Wellness Tips

Home ‘Wellness’ Features You Might Spy in Listings—Are They Worth It?

In the “before times,” you probably didn’t think much about the importance of a mudroom for dropping bags and shedding shoes before entering the main house. The same goes for special antimicrobial surfaces or tech-driven details like touchless taps.

Yet, ever since the COVID-19 pandemic roared through our lives, health and wellness features have become top of mind in home design. And it looks like many of them are here to stay.

These wellness perks are often touted in listings as must-haves—and higher home prices might reflect these “healthy” upgrades. So the burning question is: Are they worth the extra dough?

For some help sussing out which wellness bells and whistles are worth a second look at your budget when you’re house hunting, read on.

1. Touchless toilets and faucets

Germs and bacteria literally travel hand in hand in the bathroom, which is why touchless fixtures and lights are appealing details to find in a home listing. This is also a wellness feature that’s worth snagging if you have kids since you know their hand-washing isn’t always up to par.

And taps that shut off automatically when not in use save a ton of water.

Marie Bromberg, a real estate broker with Compass in New York City, went down the touchless route herself but cautions others who might be on the verge of paying more for the amenity.

“I quickly discovered this is one more thing that can break down—and does,” she says. “And the last thing you want is a toilet that can’t be easily flushed.”

2. Saltwater pool

Photo by C.E.I. 

If the climate is right and you’ll use it, a home with a pool will cost a buyer more since the added value of the property increases about 7% when it comes time to list. But you might want to pony up if the pool in question is of the saltwater variety.

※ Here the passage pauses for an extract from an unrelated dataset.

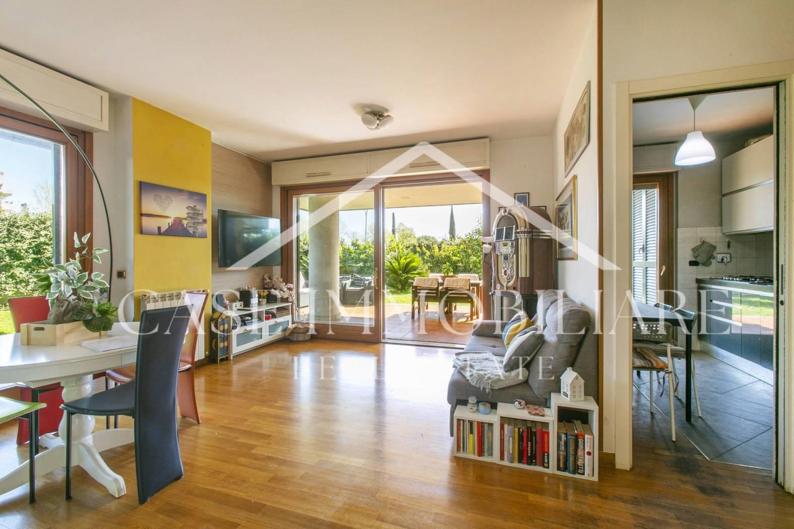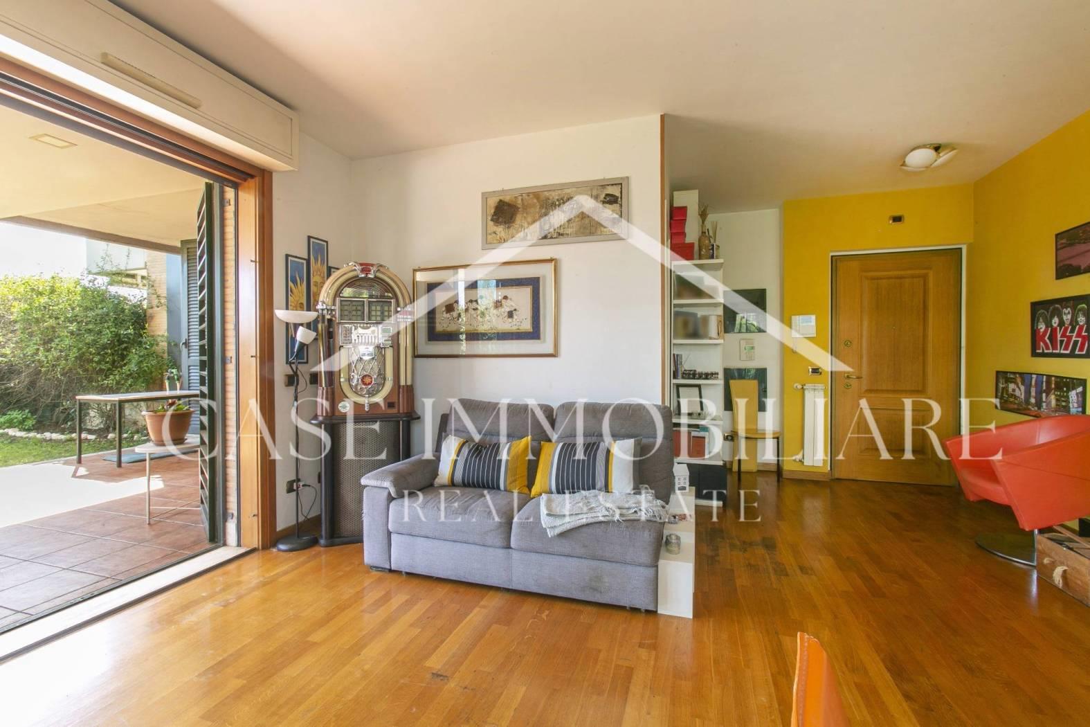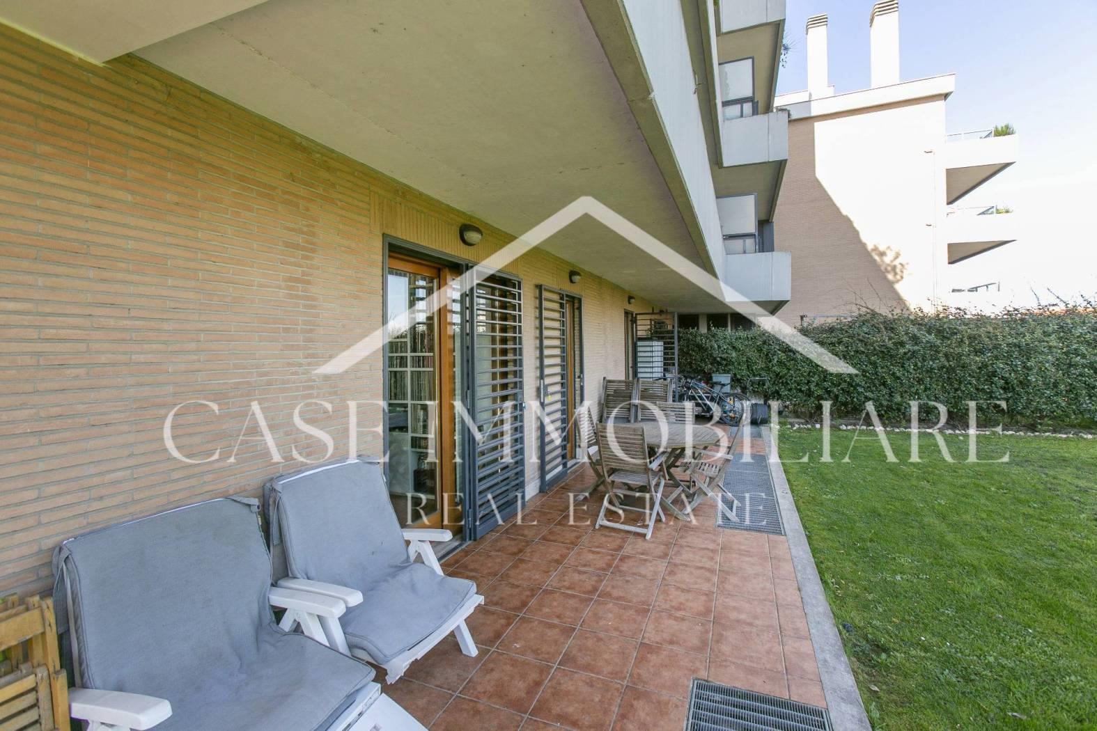 La CASE Immobiliare VENDE in esclusiva, un appartamento con giardino, in zona Parco delle SabinePorta di Roma : il moderno quartiere sorto fra il GRA, via della Bufalotta e Colle Salario, negli anni 2000, precisamente in Via Monte Grimano. Il quartiere è nato con l’idea di creare delle abitazioni con alta resa energetica e totalmente immerse nei parchi condivisi per creare socialità e vita all’aria aperta. La casa, oggetto di vendita, è UNA PIENA PROPRIETA’ ed è ubicato all’interno del prestigioso e signorile complesso di via Monte Grimano, costruito nel 2009, composto da più palazzine, dotato di una grande piscina e di un parco giochi condominiale, ed è ben collegato a servizi, negozi e scuole, offrendo un'ottima qualità della vita. Il trilocale, situato al primo piano e di circa 81 mq, è circondato da un ampio giardino angolare privato di circa 230 mq, perfetto per godere di momenti all’aperto. L’appartamento si apre su un ingresso che conduce a una luminosa zona giorno, suddivisa in zona relax e zona pranzo, caratterizzata da una doppia porta finestra che permette l’accesso diretto al giardino e al portico coperto attrezzato. Sulla destra troviamo la comoda cucina abitabile con uscita diretta al giardino, mentre sulla sinistra abbiamo la zona notte, ove troviamo due confortevoli camere da letto oltre a due bagni: uno con doccia ed uno attualmente smontato ed utilizzato come studio. L’immobile, acquistato direttamente dal costruttore, si presenta in ottime condizioni. È pronto per essere abitato fin da subito, senza necessità di interventi. Sono state aggiunte anche alcune migliorie, come la predisposizione per realizzare una veranda sotto il portico aumentando la vivibilità della zona giorno. L’appartamento è dotato di infissi in legno con doppi vetri e grate antisfondamento, pavimento in parquet, tapparelle elettriche, porta blindata. Il riscaldamento è autonomo, alimentato da una caldaia a condensazione recentemente sostituita, climatizzazione di tipo canalizzato che assicurano efficienza e comfort in tutte le stagioni. Il sistema di irrigazione automatica facilita la manutenzione del giardino, videocitofono. Il giardino è attrezzato con barbecue, armadiature in ferro e spazio dedicato per la lavatrice esterna. I costi condominiali ammontano a 144€ al mese (fra condominio e super condominio). Completa la proprietà una cantina di 4 mq asciuttissima, un posto auto in autorimessa coperta di 13 mq. Per ulteriori informazioni contattare Case Immobiliare di Serena Di Ienno Via Tuscania 13-00191 Roma Tel. 06.89935159 info@case-immobiliare.com www.case-immobiliare.com Hai talento nel settore immobiliare o sogni di averne? Invia il tuo CV a: info@case-immobiliare.com ed entra a far parte della nostra Famiglia! Abbiamo posizioni aperte per Agenti Immobiliari e Consulenti Immobiliari anche senza esperienza per la nostra sede. Siamo una realtà dinamica, fortemente presente nei quartieri Fleming, Ponte Milvio, Prati e Parioli, ma operativa con successo su tutto il territorio nazionale. Invia adesso la tua candidatura a: info@case-immobiliare.com ed inizia il tuo percorso con Case Immobiliare fino a diventarne Socio. La nostra agenzia CASE immobiliare in via Tuscania 13, zona Flaminia/Fleming, è a vs disposizione per assistervi nella VENDITA-AFFITTO di immobili residenziali e commerciali. I nostri servizi: VALUTAZIONE GRATUITA - COMPRAVENDITE - LOCAZIONE - REGISTRAZIONE CONTRATTI E PRELIMINARI - APE (certificazione energetica) - CONSULENZA NOTARILE, LEGALE e TECNICA

The benefits of this water type include a softer, less irritating feel on your skin and less redness in the eyes. Another huge plus: The need for chlorine and other harsh chemicals is eliminated, which means much less risk of accidental exposure to pets and kids (plus less chemical stink).

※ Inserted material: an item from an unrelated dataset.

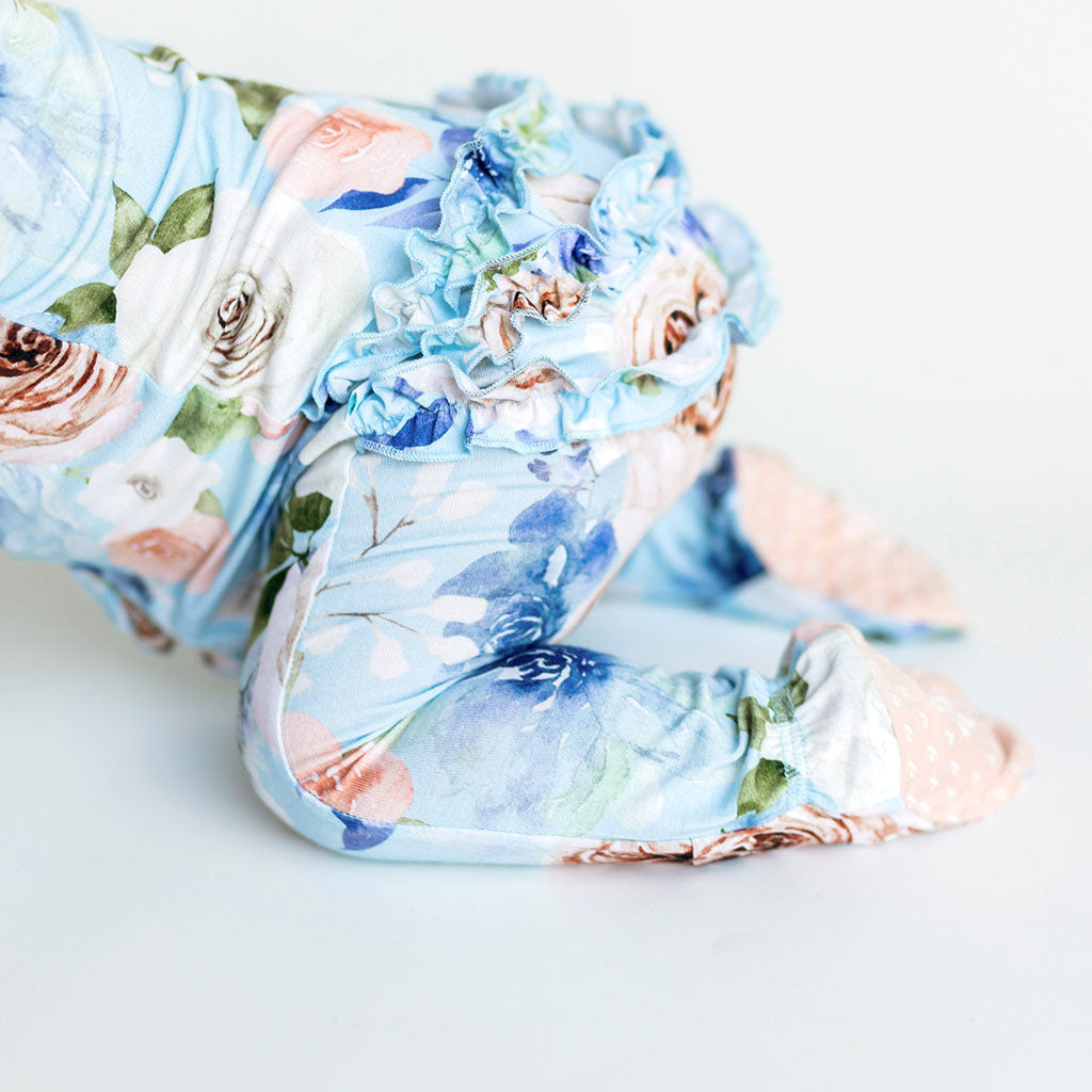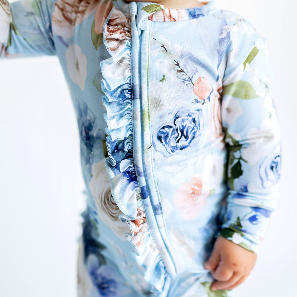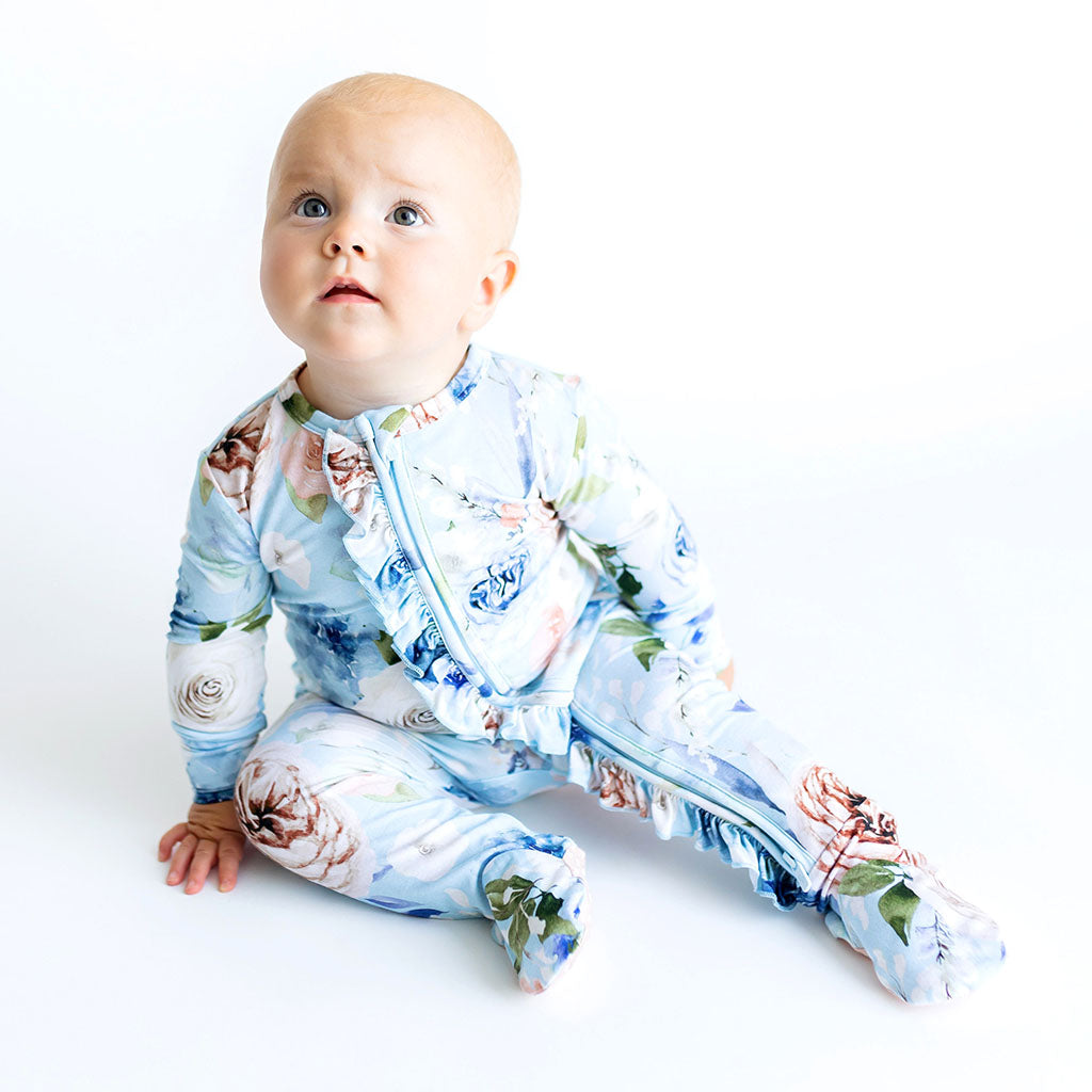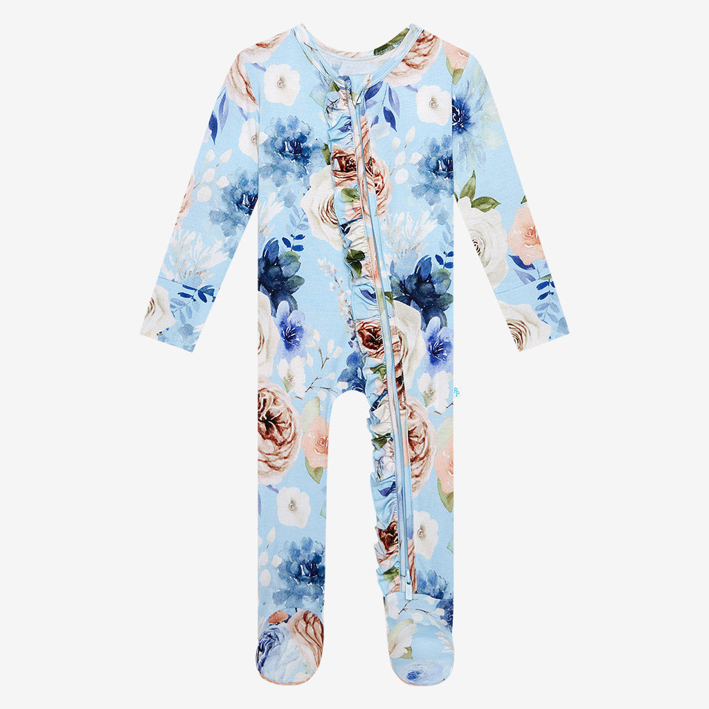 Reimagine your essentials in our coveted girls ruffled footie reversible zippered one-piece in Päpook® viscose from bamboo. Ultra-soft viscose makes our footies the perfect addition to everyday wear. Ruffle detail on bodice and layers of ruffle on the back for a cute added detail—Posh Peanut® signature non-slip grips on the footie for walkers. The reversible 2-way zipper makes diaper changes quick and easy without undressing your baby down. Elastic backing on footies for a snug fit, built-in fold-over mittens in sizes NB and 0-3M. Jammies so cute you can wear them out!

Bromberg votes for the extra cost when it comes to saltwater since the choice brings the pool to “a totally different level of amenity” and notes that maintaining one is only minimally more expensive than a regular pool.

3. Multifunctional wellness room

Photo by Touijer Designs 

Did the seller seem to tack on extra thousands for what’s being billed as a “meditation zone” in the listing?

A whole room dedicated to deep breathing is nice and all, but it might not be worth the cash upfront. Of course, if the rest of the house meets your every need, you can always convert the space into a TV room, home office, or extra bedroom—all of which are more flexible than an area reserved just for yogis.

At the higher end of the real estate market, multifunctional rooms like these are now permanent features, notes Tony Mariotti, a real state agent and owner of RubyHome in Los Angeles.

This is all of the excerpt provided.